Nomes são representações interessantes, principalmente quando eles nos lembram algo perdido nas lembranças da infância, um acontecimento na juventude e essas coisas.

Pipoca, por exemplo, tem uma ligação com a infância. Já adultos, quando sentimos aquele cheirinho peculiar se espalhando nas entradas dos cinemas, nos circos, em eventos na rua, ou mesmo quando voltamos para casa, nas paradas de ônibus, local estratégico para aquela fome que já vem chegando, percebemos quanto é prazeroso voltar a mastigar aquelas pelotas e a boca se enche daquele sabor de coisa eterna. Aquele pacotinho quentinho, com a consequente queda no chão de algumas delas, por conta do exagero do pipoqueiro.

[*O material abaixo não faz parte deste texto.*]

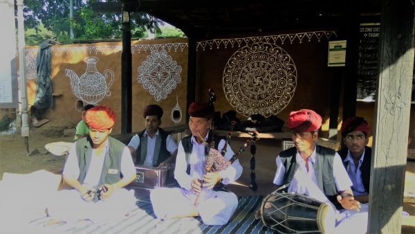 अच्छे से सजे गेट में एंटर होते आपको बड़े करीने से सजाया हुआ एक गाँव दिखाई पड़ेगा और सीधे हाथ की ओर आपको नागौर से आए सरवन कुमार एंड बैंड आपके स्वागत को तैयार रहेंगे। सरवन कुमार इस बैंड के मुखिया है और बड़े विनम्रता से आपसे बात करेंगे। उनसे हमने तकरीबन 20 मिनिट तक बात करी इस दौरान उन्होंने अपनी 2 बार प्रस्तुति भी दी। वो मशक बजाते है जो एक स्कॉटिश इंस्ट्रूमेंट है जिसे इंग्लिश में बेकपेपर कहा जाता है। राजस्थान सर्कार से सम्मानित हो चुके है। यहाँ उनके फोटो और एक परफॉरमेंस शेयर कर रहे है। इनकी ये परफॉरमेंस आपको सीधा नागौर ले जाएगी वो भी शिल्पग्राम बैठे-बैठे।
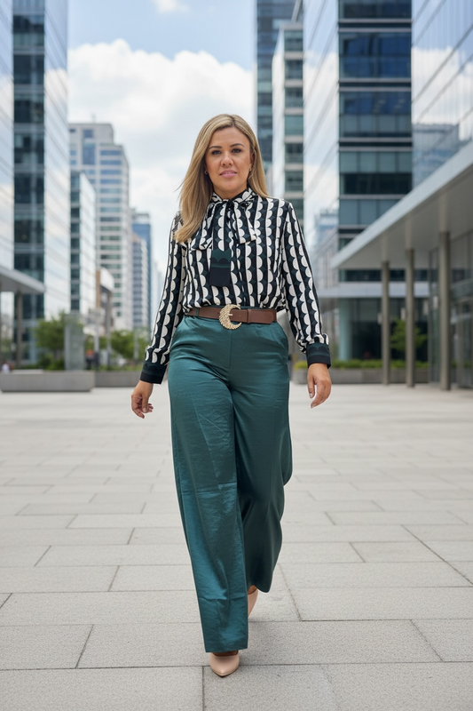 Blusa Casual de Manga Larga Color Verde Esmeralda
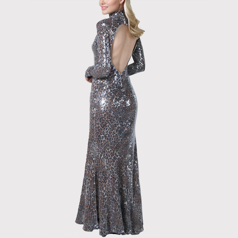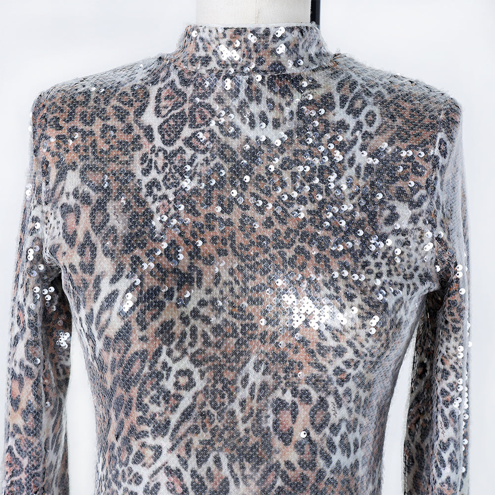 Stand out at any party with our Leopard and Sequined Long Party Dress! This elegant and formal dress features a double layer fabric with a leopard inner print and a stunning sequined mesh overlay. Perfect for any special occasion, feel confident and stylish in this unique dress.
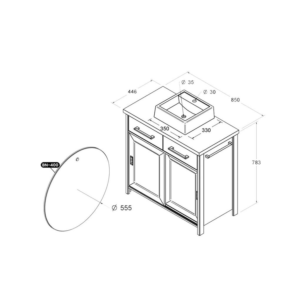 Gabinete Armário Banheiro Ditália com Cuba + Espelho / BN-03 cor:cinza
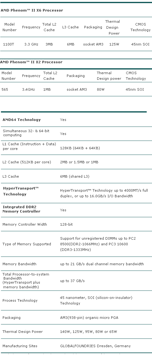 The AMD Phenom II X6 1100T is AMD's new desktop flagship processor, offering high-end features like unlocked clock multipliers, Turbo CORE technology and six-core performance (3.3GHz, 3MB L2 cache, 6Mb L3 cache, AM3 socket).
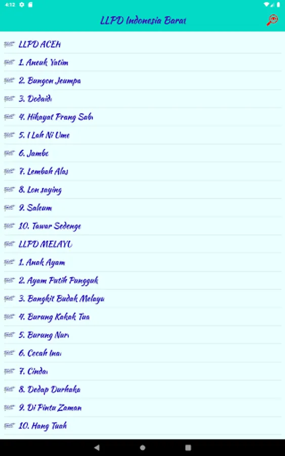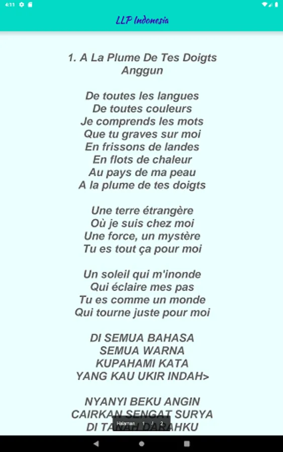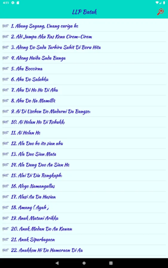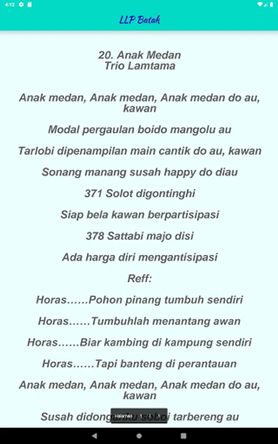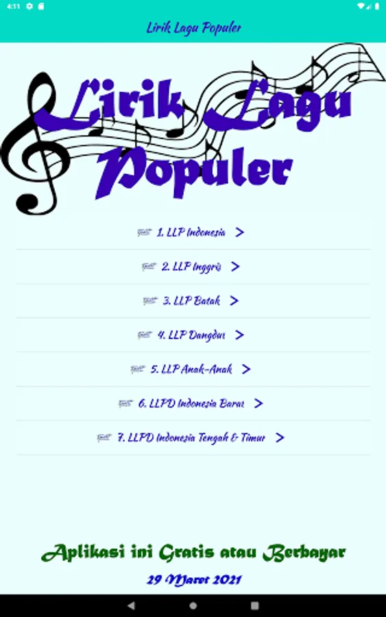 This Popular Song Lyrics application is a re-editing of the lyrics of Popular English, Indonesian, Batak, Dangdung, Children's, and Regional Popular Songs in Indonesia.

Outro é o Conversível, um modelo de carro, lembra a rebeldia, um carro cheio de garotas, alegria no ir para a praia, está ligado a uma adolescência sem causa, mesmo que naqueles tempos “rebeldes”, não houvesse dinheiro suficiente para adquiri-lo. Mas, o carro conversível, capota aberta, pelo menos, era o sonho de cada um, quando jovem, e ao possuí-lo, por qualquer motivo feliz, mais adulto, é, sem dúvida, uma espécie de status, uma forma de voltar a ser jovem, mesmo que os cabelos brancos é que estejam ao vento. Mas, possuir um conversível é algo mágico, como um tapete voador, um diferencial.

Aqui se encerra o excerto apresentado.